本文章由计算机程序翻译,如有差异,请以英文原文为准。
Differential long-term impact of primary glomerular diseases on major outcomes: All are not equal!

The landscape of nephrology, particularly that of glomerular diseases, is an evolving dynamic that has witnessed incredible advancements in diagnostic and therapeutic interventions to improve kidney and patient survival [1-3]. These achievements have been further bolstered by emerging clinical prediction models to enable better and faster clinical decision-making in order to maximize clinical benefit and minimize harm [4-6]. The more precise we are at defining the primary cause of disease and its epidemiological profile, including clinical course, trajectory pattern and downstream long-term outcomes, the more likely we will improve universal efforts that target its prevention. Greater precision in the classification of disease, its clinical phenotype, targeted therapeutic interventions and outcome measurement is the hallmark of precision medicine [7]. Glomerular diseases of the kidney are key exemplars where major advances have occurred in elucidating pathogenesis, molecular signatures, diagnostic techniques and novel treatment strategies, all of which have contributed to greater characterization of unique disease phenotypes and clinical outcomes [1-7]. However, despite these efforts, the scientific community has fallen short in mapping the long-term outcomes of common primary glomerular diseases [8, 9]. Published comparisons to date have suffered from relatively small samples and short follow-up periods. Many have considered glomerular diseases at the aggregate level rather than at the individual level [1-10].

In this issue of the Journal of Internal Medicine, Faucon et al. provide new data describing the long-term outcomes of four common primary glomerular diseases from analysis of the Swedish Renal Registry [10]. In this nationally representative observational study, they profile the trajectory patterns of IgA nephropathy (IgA), focal segmental glomerulosclerosis (FSGS), minimal change disease (MCD) and membranous nephropathy (MN). They reveal significant variation in major long-term outcomes across disease groups and demonstrate that the risks of hospitalization, death and kidney replacement therapy (KRT) for these primary glomerular diseases differ substantially from those of a control CKD population that included patients with diabetes (23.7%), hypertension (39.5%), tubulointerstitial nephritis (3.4%), medication-induced kidney disease (3.0%) and other/unknown causes (30.5%).

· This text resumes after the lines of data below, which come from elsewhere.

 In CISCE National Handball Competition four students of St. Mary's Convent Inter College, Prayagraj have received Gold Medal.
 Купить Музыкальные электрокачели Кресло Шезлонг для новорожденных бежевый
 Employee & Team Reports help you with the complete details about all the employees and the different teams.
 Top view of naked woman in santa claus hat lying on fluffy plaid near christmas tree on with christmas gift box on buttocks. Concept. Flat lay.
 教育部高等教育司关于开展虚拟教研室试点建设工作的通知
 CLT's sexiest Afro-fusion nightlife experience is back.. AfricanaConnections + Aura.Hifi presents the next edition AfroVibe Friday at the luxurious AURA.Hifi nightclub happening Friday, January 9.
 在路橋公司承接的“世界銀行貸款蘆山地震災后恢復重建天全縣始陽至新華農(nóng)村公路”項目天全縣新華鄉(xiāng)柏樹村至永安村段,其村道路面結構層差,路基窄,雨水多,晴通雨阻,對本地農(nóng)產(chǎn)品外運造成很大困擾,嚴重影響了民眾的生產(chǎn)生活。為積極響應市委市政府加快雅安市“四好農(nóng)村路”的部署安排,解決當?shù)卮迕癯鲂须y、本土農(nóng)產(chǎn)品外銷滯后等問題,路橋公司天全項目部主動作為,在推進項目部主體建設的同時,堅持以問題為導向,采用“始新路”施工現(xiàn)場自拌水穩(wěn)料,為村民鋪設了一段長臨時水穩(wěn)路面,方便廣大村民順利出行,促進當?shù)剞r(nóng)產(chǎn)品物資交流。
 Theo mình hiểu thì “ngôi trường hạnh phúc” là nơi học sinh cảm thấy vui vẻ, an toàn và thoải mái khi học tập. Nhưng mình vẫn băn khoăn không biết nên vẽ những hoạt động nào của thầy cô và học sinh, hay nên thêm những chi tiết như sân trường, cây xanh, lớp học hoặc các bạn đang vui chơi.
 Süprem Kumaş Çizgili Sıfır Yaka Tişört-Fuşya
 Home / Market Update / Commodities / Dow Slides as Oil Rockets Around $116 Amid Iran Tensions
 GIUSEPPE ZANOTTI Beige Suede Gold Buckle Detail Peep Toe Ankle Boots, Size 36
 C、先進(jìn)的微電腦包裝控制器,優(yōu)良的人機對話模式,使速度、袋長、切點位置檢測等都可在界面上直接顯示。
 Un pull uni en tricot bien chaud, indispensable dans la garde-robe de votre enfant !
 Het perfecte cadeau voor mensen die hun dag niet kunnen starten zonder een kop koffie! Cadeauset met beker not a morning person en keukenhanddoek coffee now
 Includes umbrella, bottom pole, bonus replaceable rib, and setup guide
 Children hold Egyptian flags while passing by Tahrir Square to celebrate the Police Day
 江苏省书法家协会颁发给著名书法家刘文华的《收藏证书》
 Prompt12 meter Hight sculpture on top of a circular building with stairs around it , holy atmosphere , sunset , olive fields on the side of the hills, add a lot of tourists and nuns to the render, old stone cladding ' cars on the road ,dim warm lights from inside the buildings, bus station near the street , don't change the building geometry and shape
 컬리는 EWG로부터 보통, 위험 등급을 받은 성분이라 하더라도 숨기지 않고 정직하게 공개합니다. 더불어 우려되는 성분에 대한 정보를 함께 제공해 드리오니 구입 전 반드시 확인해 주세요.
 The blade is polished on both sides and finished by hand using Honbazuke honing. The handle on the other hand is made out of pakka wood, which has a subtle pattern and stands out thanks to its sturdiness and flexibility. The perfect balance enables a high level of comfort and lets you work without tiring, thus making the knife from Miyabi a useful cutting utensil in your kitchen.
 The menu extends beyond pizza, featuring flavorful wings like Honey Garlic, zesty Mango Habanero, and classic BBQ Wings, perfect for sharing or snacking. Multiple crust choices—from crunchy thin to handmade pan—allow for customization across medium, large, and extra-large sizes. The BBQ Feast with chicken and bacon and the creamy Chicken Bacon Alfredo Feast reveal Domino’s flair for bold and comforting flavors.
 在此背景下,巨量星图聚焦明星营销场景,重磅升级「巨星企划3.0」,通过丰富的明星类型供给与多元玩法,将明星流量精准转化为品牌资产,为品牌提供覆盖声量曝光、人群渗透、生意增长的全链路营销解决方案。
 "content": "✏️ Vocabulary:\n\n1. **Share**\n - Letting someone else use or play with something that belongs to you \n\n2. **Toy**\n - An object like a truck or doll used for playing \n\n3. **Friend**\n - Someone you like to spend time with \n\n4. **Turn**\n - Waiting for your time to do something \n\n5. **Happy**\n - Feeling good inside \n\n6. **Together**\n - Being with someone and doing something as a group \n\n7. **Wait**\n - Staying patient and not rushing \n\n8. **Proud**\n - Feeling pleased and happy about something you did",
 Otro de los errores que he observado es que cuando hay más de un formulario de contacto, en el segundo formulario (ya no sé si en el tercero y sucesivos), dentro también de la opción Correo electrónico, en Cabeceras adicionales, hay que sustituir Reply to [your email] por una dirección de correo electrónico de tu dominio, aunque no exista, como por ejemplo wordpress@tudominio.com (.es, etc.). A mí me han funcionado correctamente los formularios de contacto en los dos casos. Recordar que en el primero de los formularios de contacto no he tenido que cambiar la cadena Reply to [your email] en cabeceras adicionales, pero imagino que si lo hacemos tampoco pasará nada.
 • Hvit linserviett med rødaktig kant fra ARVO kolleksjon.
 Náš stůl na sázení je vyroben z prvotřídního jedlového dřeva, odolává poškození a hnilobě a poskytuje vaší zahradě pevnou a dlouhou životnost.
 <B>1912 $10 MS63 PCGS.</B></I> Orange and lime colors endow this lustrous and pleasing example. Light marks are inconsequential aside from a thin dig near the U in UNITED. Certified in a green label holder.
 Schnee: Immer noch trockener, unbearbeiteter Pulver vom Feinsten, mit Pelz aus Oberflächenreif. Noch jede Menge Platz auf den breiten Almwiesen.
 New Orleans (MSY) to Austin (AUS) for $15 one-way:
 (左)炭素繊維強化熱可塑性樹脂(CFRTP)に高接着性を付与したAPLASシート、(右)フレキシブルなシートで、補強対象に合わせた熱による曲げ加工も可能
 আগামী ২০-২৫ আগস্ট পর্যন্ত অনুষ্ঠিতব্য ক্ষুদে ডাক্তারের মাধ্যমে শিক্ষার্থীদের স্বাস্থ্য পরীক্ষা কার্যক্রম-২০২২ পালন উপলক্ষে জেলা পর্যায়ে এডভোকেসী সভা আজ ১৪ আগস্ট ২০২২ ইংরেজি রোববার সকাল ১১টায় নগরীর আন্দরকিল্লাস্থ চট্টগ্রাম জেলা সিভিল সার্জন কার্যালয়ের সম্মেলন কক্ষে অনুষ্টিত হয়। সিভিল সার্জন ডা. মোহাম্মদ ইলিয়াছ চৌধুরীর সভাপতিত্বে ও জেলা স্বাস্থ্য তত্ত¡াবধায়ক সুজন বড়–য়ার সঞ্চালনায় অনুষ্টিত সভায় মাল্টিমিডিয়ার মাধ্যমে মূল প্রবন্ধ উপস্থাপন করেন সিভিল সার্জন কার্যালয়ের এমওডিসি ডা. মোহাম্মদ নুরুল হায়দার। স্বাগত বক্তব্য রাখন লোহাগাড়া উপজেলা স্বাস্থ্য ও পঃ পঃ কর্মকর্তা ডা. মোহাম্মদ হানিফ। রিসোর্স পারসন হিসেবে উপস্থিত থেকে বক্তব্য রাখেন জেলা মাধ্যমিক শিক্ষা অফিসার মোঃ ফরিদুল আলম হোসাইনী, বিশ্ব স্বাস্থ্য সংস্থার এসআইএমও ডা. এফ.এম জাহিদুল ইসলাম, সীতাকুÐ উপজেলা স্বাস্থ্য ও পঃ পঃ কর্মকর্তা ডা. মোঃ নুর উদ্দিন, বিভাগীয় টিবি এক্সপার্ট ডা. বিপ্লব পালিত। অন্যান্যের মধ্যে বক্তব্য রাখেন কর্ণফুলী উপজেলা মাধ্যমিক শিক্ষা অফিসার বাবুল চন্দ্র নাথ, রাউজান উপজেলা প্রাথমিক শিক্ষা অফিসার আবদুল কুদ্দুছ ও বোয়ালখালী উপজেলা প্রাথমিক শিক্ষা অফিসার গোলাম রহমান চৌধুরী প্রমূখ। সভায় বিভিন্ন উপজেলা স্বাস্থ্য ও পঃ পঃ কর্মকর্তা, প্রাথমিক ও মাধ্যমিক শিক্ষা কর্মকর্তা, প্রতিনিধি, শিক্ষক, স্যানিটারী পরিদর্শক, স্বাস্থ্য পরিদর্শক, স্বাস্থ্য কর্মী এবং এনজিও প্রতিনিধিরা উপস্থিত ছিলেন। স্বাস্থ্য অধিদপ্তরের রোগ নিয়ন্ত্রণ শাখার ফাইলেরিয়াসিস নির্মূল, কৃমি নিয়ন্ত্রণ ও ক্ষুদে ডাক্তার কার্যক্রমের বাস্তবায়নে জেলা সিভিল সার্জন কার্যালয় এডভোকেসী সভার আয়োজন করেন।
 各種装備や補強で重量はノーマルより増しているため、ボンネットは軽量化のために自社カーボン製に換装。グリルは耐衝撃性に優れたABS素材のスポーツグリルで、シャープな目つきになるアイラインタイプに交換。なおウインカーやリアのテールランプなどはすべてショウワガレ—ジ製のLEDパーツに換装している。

Their observations highlight strikingly different patterns of risk for estimated glomerular filtration rate (eGFR) decline, risk of cardiovascular events and mortality associated with each primary glomerular disease. They reveal that the cumulative mortality was highest for patients diagnosed with FSGS and MN and lowest for those with MCD. Similarly, patients with FSGS had cardiovascular event rates that were similar to patients in the control CKD population but significantly higher than those with MCD. Their observations were further corroborated in time-to-event analyses where adjusted mortality risks were significantly lower for each primary glomerular disease compared to the patients in the control CKD group. The pattern of risk for major adverse cardiovascular events followed a similar trend. These observations would suggest that primary glomerular diseases generate unique eGFR trajectories that can be tracked over time within a defined population. Moreover, their presence confers measurable impact on major outcomes that differ quite substantially depending on the underlying cause. Although it is possible that the differential risks presented here might be influenced by baseline health status at cohort inception, such as demographic factors, cumulative comorbidity burden or prescribed medications, the comprehensive adjustment for a wide range of confounding factors in multivariable models suggests the presence of a true measurable effect.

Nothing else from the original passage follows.